Sincericidio

Sinceridade e carreira profissional

Esta semana estou comemorando. Consegui, finalmente, depois de longo período de instabilidade e incertezas, minha aposentadoria.

Longe de mim pensar em vestir um pijama e ficar jogando dama na praça. Quero distância. Entretanto, as dificuldades nestes 40 (quarenta) anos de contribuições previdenciárias oficiais e a participação em atividades profissionais as mais diferentes possíveis, me propiciaram uma experiência de vida que só posso usá-la neste minifúndio virtual.

Vou usar este mote para mais uma série, a das experiências profissionais e daquilo que vivi e ainda pretendo viver. A aposentadoria, segundo o RGP, é somente um marco.

 

Sinceridade

Vou falar de um comportamento que foi escolhido por mim a partir da minha educação de berço. Em tempos de redes sociais superficiais e rasteiras, este tipo de comportamento, SER SINCERO, é pura nitroglicerina. Manda quem pode (quem tem poder e dinheiro) e obedece quem não tem poder e nem dinheiro. Se você quer fazer do seu jeito, faça você mesmo, não conte com as pessoas que não concordam pois elas ignorarão ou boicotarão.

 

Profissionalismo

Ser sincero foi uma decisão difícil e tomada ao longo do tempo, primeiramente através de rompantes típicos da juventude e irresponsabilidade. Fui demitido de ao menos três trabalhos em que a sinceridade, mesmo com atuações profissionais, foi determinante. Eu incomodava as pessoas e maus profissionais. Em uma das muitas relações de trabalho que tive, em uma determinada empresa que eu fazia questão de cumprir o horário de trabalho, mesmo sem ser obrigado a bater ponto, ouvi de um colega: “… para de chegar todo dia no horário certo, queima nosso filme … fica nas imediações da empresa até a gente começar a chegar … ”

 

Organizações doentes

Trabalhei em empresas com as mais diversas formas de gestão, japonesa, americana, europeia, governo, familiar etc. Tenho a certeza de que o mundo organizacional público e privado abomina a sinceridade. Incentivam as pessoas (trabalhadores e capatazes) a fingirem emoções e sentimentos. As condições criadas, até mesmo quando gerenciei pessoas, são para privilegiar o cinismo, a hipocrisia, o estresse e todos os desdobramentos de doenças que vemos na atualidade, chamadas de transtornos. Tenho parentes e amigos perdidos nesta caminhada que estão afastadas e doentes, de maneira irrecuperável.

 

Autêntico

A sinceridade é uma arma perigosa. Depois de determinado momento da minha carreira profissional percebi que deveria ser autêntico e me manifestar pouco, ou nada. Sou contra aquele tipo de profissional que bate no peito e diz “… faço minha parte, sou profissional … “. Não basta!

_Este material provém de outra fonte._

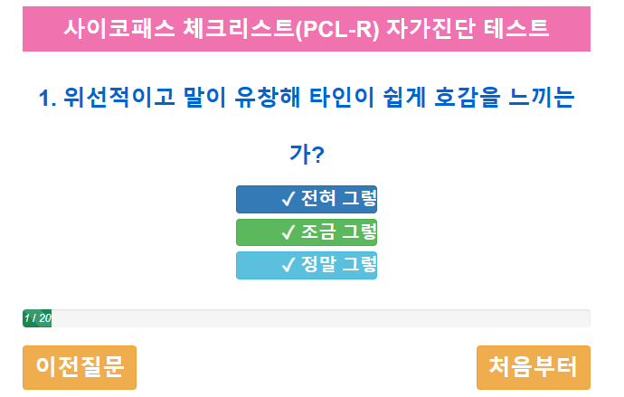 아래의 링크를 참고하셔서 사이코패스 체크리스트 PCL-R 자가진단 테스트를 시작하실 수 있습니다.
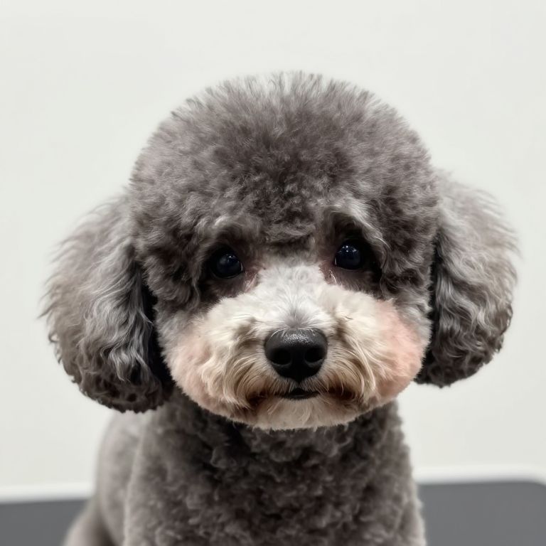 Poodle with bad haircut, detailed close-up of a dog with botched grooming, uneven fur lines, subtle humor in facial expression, studio lighting, high resolution, contemporary digital art

Recomendo que as pessoas sejam autênticas, sejam sinceras e abominem nos ambientes profissionais a hipocrisia e cinismo.

A maioria das pessoas com quem trabalhei, ao lerem este post, poderão ter as mais diferentes avaliações e compreensão. Certamente dirão que a sinceridade é um defeito ou virtude que eu tive, mas não dirão que fui omisso. Paguei o preço por ser sincero. E vou continuar pagando.

Aqui recomendo que sejam autênticos, sinceridade virou crime, sincericídio logo logo aparecerá nos dicionários.